We need healthy boundaries about receiving money, and we need healthy boundaries about giving money.

Some of us give money for appropriate reasons.

We may be ashamed because we have money and don't believe we deserve it. We may belong to an organization that uses shame as a form of control to coerce us out of our money that the organization wants.

We can get hooked into giving money to our children, family members, or friends because we have earned or unearned guilt. We allow ourselves to be financially blackmailed, sometimes by the people we love.

This is not money freely given, or given in health.

Some of us give money out of a sense of caretaking. We may have exaggerated feelings of responsibility for others, including financial responsibility.

We may be giving simply because we have not learned to own our power to say no when the answer is no.

Some of us give because we hope or believe people will love us if we take care of them financially.

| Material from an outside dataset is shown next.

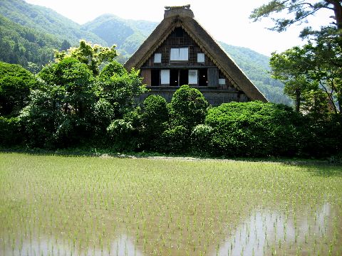 Shirakawa-go; Wednesday, June 14, 2006: A museum in itself (which we toured), the Wada House is the largest remaining gassho-zukuri house in the village. The pond in front of the house is a rice paddy.
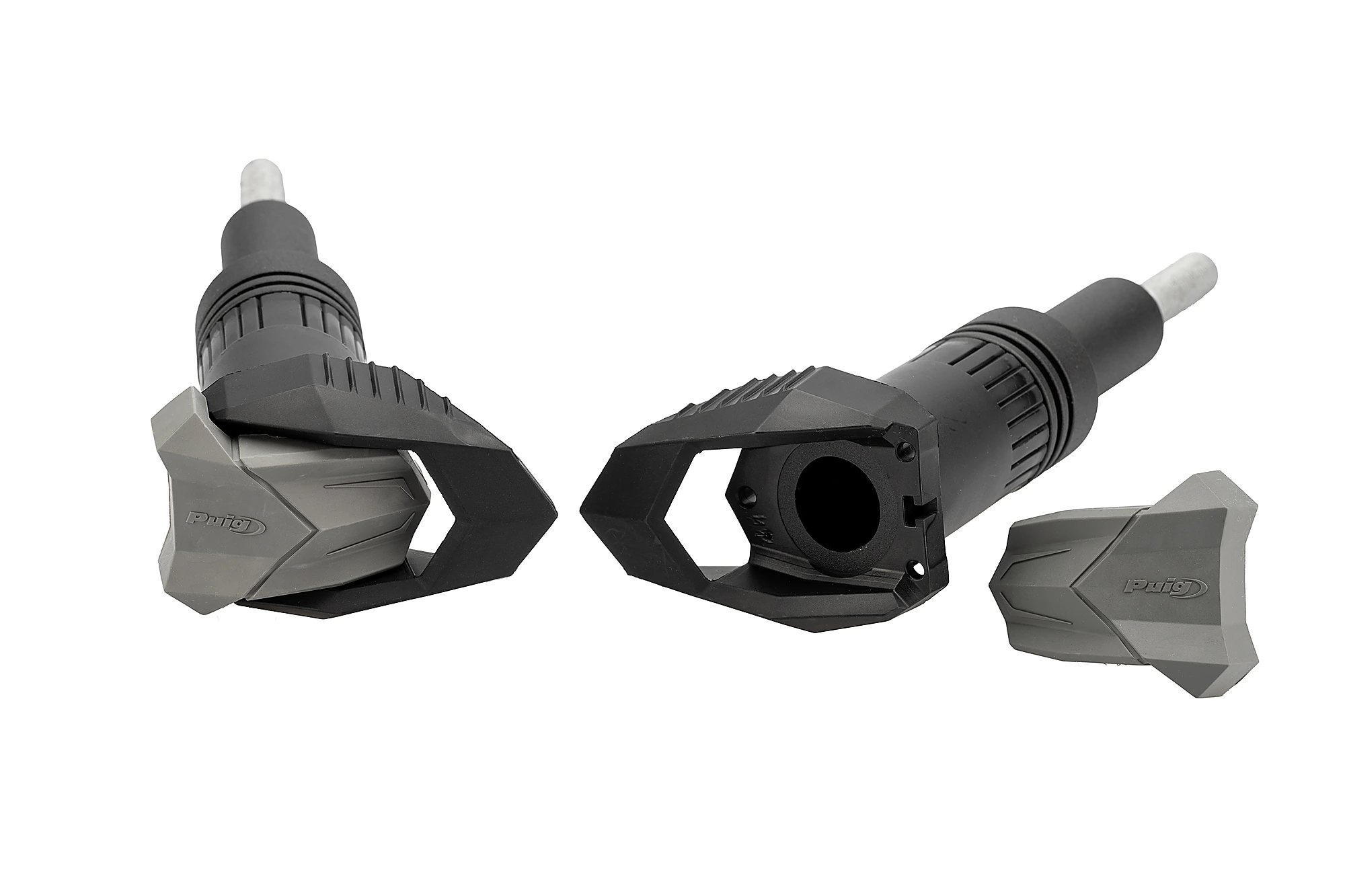 Die Schieberegler werden standardmäßig aus grauem Gummi gefertigt. Puig bietet jedoch eine Vielzahl von Farben an, die dem Design Ihres Motorrads entsprechen. Neben den Gummi-Ersatzteilen, bietet Puig auch Ersatzteile für Nylon-Schieber an. Hierbei ist zu beachten, dass jeder Protektor für ein bestimmtes Motorradmodell hergestellt wird.

We do not have to give money to anyone. Giving money is our choice. We do not have to allow ourselves to be victimized, manipulated, or coerced out of our money. We are financially responsible for ourselves. Part of being healthy is allowing those around us to be financially responsible for themselves.

We do not have to be ashamed about having the money that we earn; we deserve to have the money we have been given - whatever the amount, without feeling obligated to give it all away, or guilty because others want what we have.

Charity is a blessing. Giving is a part of healthy living. We can learn to develop healthy boundaries around giving.

Today, I will strive to begin developing healthy boundaries about giving money. I understand that giving is my choice.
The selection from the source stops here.